Perusahaan riset Internasional Synovate atas nama DKT Indonesia melakukan penelitian
terhadap perilaku seksual remaja berusia 14-24 tahun yang dilakukan terhadap 450 remaja
dari Medan, Jakarta, Bandung dan Surabaya. Terungkap bahwa 64% remaja mengakui secara
sadar melakukan hubungan seks pranikah dan telah melanggar nilai-nilai dan norma agama.
Tetapi, kesadaran itu ternyata tidak mempengaruhi perbuatan dan prilaku seksual mereka.
Alasan para remaja melakukan hubungan seksual tersebut adalah karena semua itu terjadi
begitu saja tanpa direncanakan.

Hasil penelitian juga memaparkan para remaja tersebut tidak memiliki pengetahuan
khusus serta komprehensif mengenai seks. Informasi tentang seks (65%) mereka dapatkan
melalui teman, Film Porno (35%), sekolah (19%), dan orangtua (5%). Dari persentase ini
dapat dilihat bahwa informasi dari teman lebih dominan dibandingkan orangtua dan guru,
padahal teman sendiri tidak begitu mengerti dengan permasalahan seks ini, karena dia juga
mentransformasi dari teman yang lainnya.

Kurang perhatian orangtua, kurangnya penanaman nilai-nilai agama berdampak pada


pergaulan bebas dan berakibat remaja dengan gampang melakukan hubungan suami istri di
luar nikah sehingga terjadi kehamilan dan pada kondisi ketidaksiapan berumah tangga dan
untuk bertanggung jawab terjadilah aborsi. Seorang wanita lebih cendrung berbuat nekat
(pendek akal) jika menghadapi hal seperti ini.
Pada zaman modern sekarang ini, remaja sedang dihadapkan pada kondisi sistemsistem
nilai, dan kemudian sistem nilai tersebut terkikis oleh sistem nilai yang lain yang
bertentangan dengan nilai moral dan agama. Seperti model pakaian (fashion), model
pergaulan dan film-film yang begitu intensif remaja mengadopsi kedalam gaya pergaulan
hidup mereka termasuk soal hubungan seks di luar nikah dianggap suatu kewajaran.

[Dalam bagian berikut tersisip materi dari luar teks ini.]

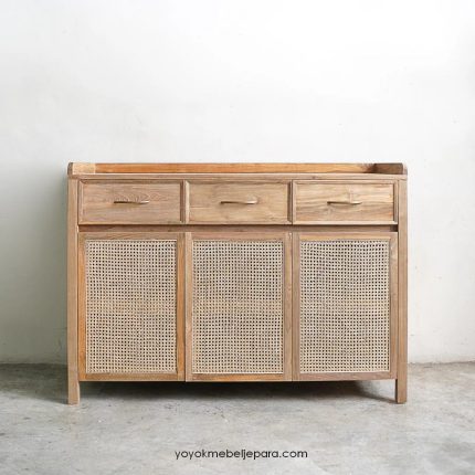 Buffet Modern Minimalis Kayu Jati Kombinasi Rotan YMJ-BFT 150

Beberapa faktor yang menyebabkan terjadinya pergaulan bebas dikalangan remaja


yaitu faktor agama dan iman; faktor Lingkungan seperti orangtua, teman, tetangga dan
media; pengetahuan yang minim ditambah rasa ingin tahu yang berlebihan; dan perubahan
zaman. Dengan demikian tindakan aborsi merupakan tindakan yang melanggar nilai-nilai
etika, baik ditinjau dari segi etika budaya/ etika bermasyarakat, etika hukum maupun etika
agama. Oleh karena itu perilaku semacam ini harus dihindari bahkan dijauhi dari seluruh
lapisan masyarakat, meskipun dalam kondisi tertentu diperbolehkan.